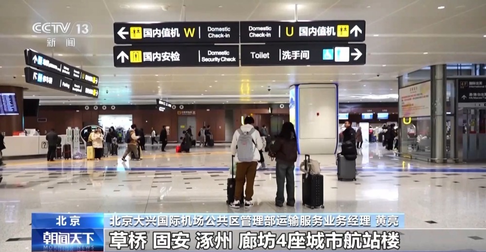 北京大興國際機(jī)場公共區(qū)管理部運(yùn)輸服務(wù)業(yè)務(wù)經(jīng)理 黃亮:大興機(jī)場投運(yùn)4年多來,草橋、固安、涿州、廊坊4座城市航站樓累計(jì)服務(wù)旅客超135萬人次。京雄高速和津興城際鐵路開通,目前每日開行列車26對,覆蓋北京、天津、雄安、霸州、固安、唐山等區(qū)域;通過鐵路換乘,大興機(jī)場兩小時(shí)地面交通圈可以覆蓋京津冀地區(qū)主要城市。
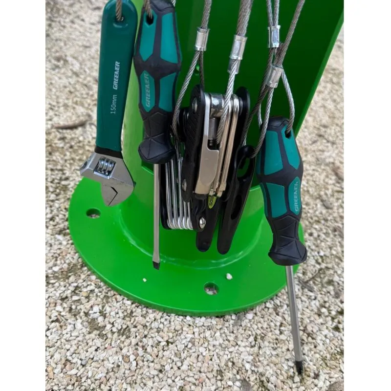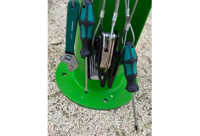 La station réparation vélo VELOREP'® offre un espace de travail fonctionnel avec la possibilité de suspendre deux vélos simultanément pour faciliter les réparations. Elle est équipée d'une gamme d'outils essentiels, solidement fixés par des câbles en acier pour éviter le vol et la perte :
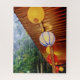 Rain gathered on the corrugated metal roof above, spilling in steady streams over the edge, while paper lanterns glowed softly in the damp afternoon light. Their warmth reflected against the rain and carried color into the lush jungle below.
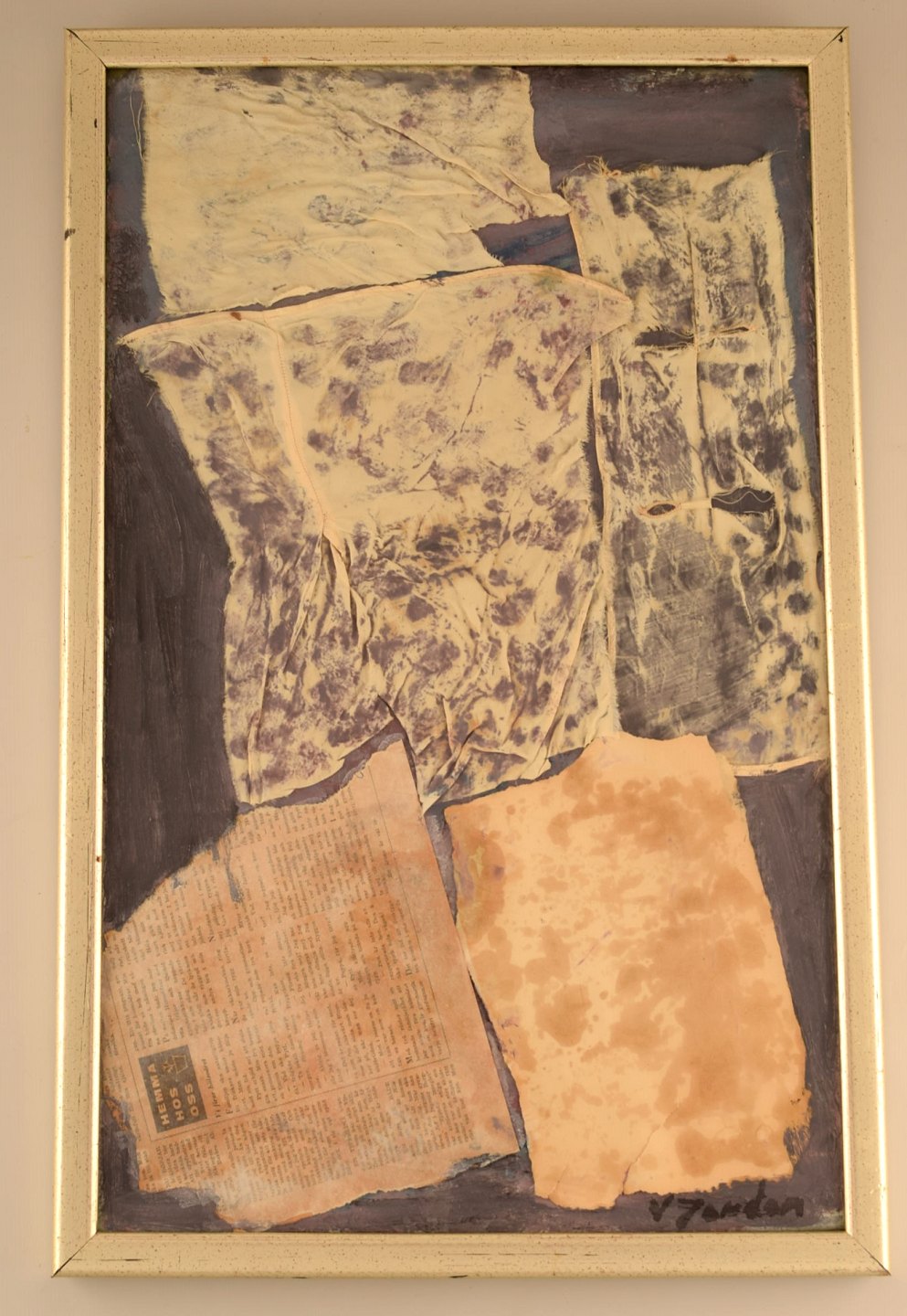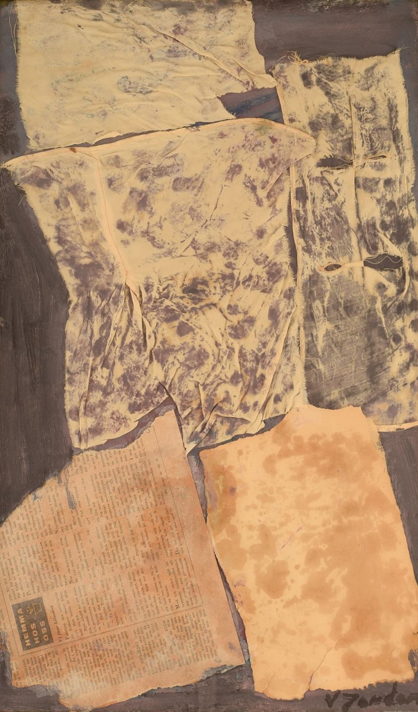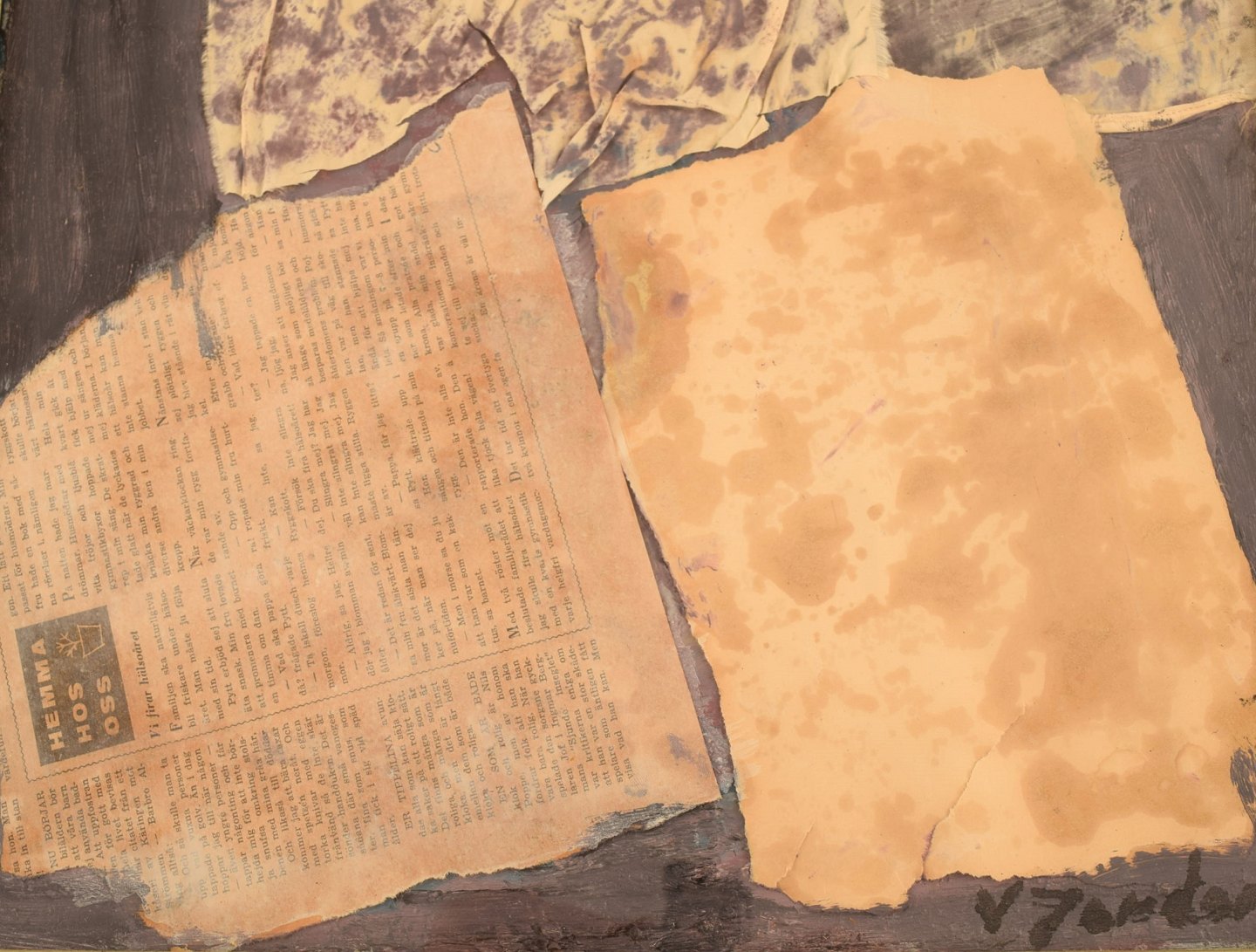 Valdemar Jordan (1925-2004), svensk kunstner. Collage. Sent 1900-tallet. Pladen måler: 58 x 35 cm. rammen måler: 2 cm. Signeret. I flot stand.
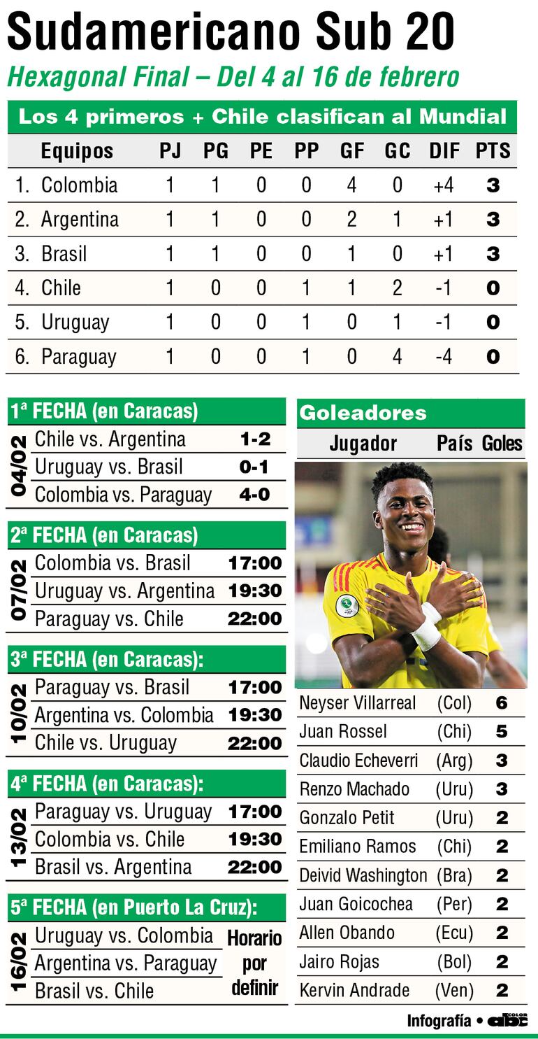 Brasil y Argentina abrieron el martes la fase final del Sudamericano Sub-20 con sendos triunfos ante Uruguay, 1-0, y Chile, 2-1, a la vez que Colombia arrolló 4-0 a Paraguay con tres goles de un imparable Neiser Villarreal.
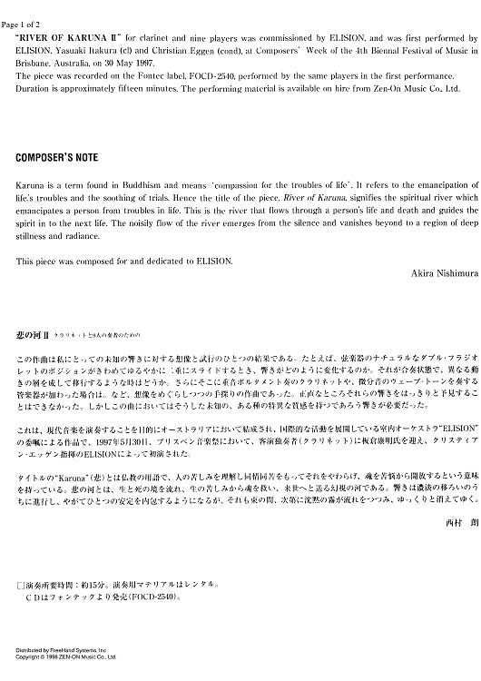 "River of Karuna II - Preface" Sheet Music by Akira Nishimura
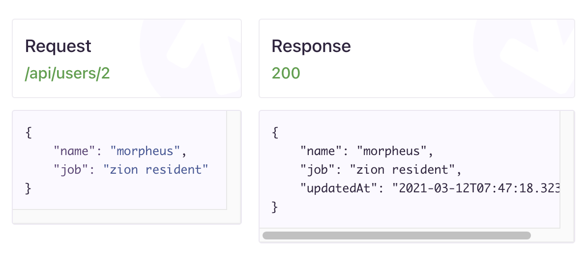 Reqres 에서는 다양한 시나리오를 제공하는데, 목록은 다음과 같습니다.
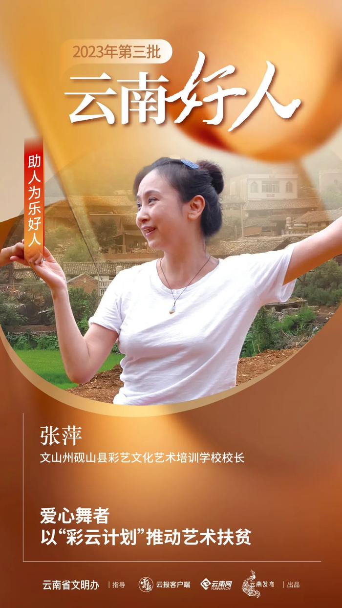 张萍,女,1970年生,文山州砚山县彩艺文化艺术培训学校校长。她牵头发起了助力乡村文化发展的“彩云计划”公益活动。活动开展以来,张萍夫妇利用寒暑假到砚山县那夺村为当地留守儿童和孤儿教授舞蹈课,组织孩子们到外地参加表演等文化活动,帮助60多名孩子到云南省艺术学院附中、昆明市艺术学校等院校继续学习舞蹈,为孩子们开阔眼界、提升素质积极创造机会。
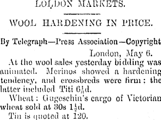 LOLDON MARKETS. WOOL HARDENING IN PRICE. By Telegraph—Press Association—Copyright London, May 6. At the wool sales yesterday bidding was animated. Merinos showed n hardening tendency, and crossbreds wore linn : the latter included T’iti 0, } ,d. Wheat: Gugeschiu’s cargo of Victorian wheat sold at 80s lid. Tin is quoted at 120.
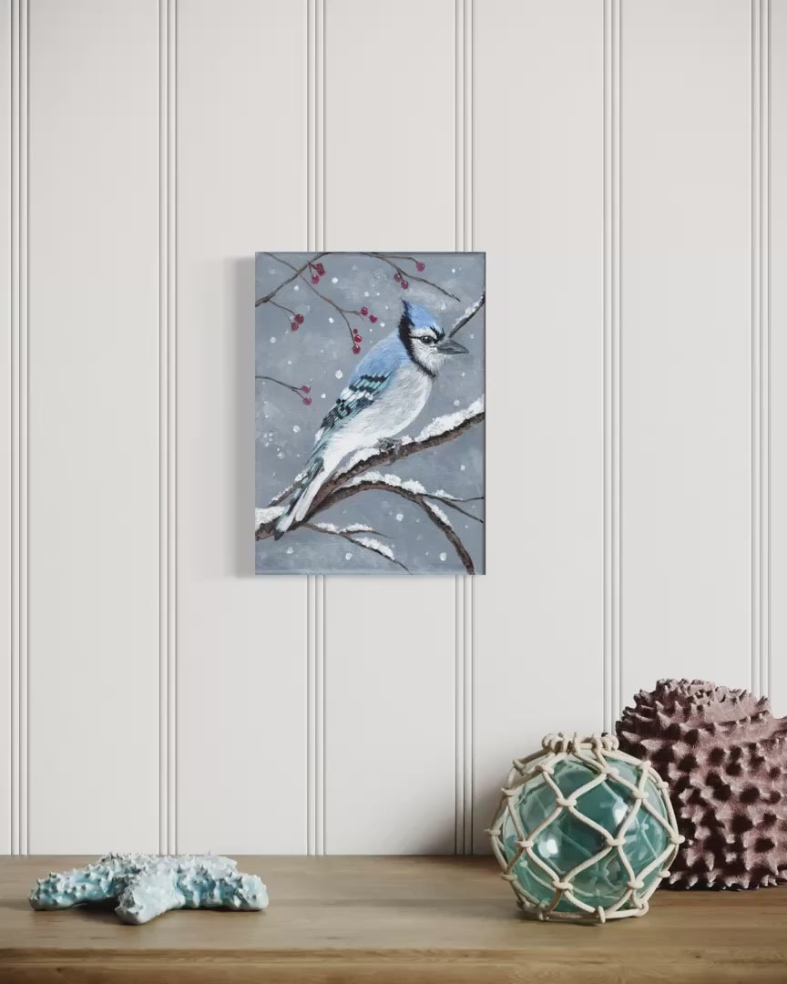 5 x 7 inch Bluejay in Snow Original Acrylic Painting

━━━━━━━━━━━━━━━━━━━━

## PROBLEM DESCRIPTION:
Quote every record above exactly, leaving out any pictures.

## RESPONSE FOR THIS EXERCISE:
 北京大興國際機(jī)場公共區(qū)管理部運(yùn)輸服務(wù)業(yè)務(wù)經(jīng)理 黃亮:大興機(jī)場投運(yùn)4年多來,草橋、固安、涿州、廊坊4座城市航站樓累計(jì)服務(wù)旅客超135萬人次。京雄高速和津興城際鐵路開通,目前每日開行列車26對,覆蓋北京、天津、雄安、霸州、固安、唐山等區(qū)域;通過鐵路換乘,大興機(jī)場兩小時(shí)地面交通圈可以覆蓋京津冀地區(qū)主要城市。
 La station réparation vélo VELOREP'® offre un espace de travail fonctionnel avec la possibilité de suspendre deux vélos simultanément pour faciliter les réparations. Elle est équipée d'une gamme d'outils essentiels, solidement fixés par des câbles en acier pour éviter le vol et la perte :
 Rain gathered on the corrugated metal roof above, spilling in steady streams over the edge, while paper lanterns glowed softly in the damp afternoon light. Their warmth reflected against the rain and carried color into the lush jungle below.
 Valdemar Jordan (1925-2004), svensk kunstner. Collage. Sent 1900-tallet. Pladen måler: 58 x 35 cm. rammen måler: 2 cm. Signeret. I flot stand.
 Brasil y Argentina abrieron el martes la fase final del Sudamericano Sub-20 con sendos triunfos ante Uruguay, 1-0, y Chile, 2-1, a la vez que Colombia arrolló 4-0 a Paraguay con tres goles de un imparable Neiser Villarreal.
 "River of Karuna II - Preface" Sheet Music by Akira Nishimura
 Reqres 에서는 다양한 시나리오를 제공하는데, 목록은 다음과 같습니다.
 张萍,女,1970年生,文山州砚山县彩艺文化艺术培训学校校长。她牵头发起了助力乡村文化发展的“彩云计划”公益活动。活动开展以来,张萍夫妇利用寒暑假到砚山县那夺村为当地留守儿童和孤儿教授舞蹈课,组织孩子们到外地参加表演等文化活动,帮助60多名孩子到云南省艺术学院附中、昆明市艺术学校等院校继续学习舞蹈,为孩子们开阔眼界、提升素质积极创造机会。
 LOLDON MARKETS. WOOL HARDENING IN PRICE. By Telegraph—Press Association—Copyright London, May 6. At the wool sales yesterday bidding was animated. Merinos showed n hardening tendency, and crossbreds wore linn : the latter included T’iti 0, } ,d. Wheat: Gugeschiu’s cargo of Victorian wheat sold at 80s lid. Tin is quoted at 120.
 5 x 7 inch Bluejay in Snow Original Acrylic Painting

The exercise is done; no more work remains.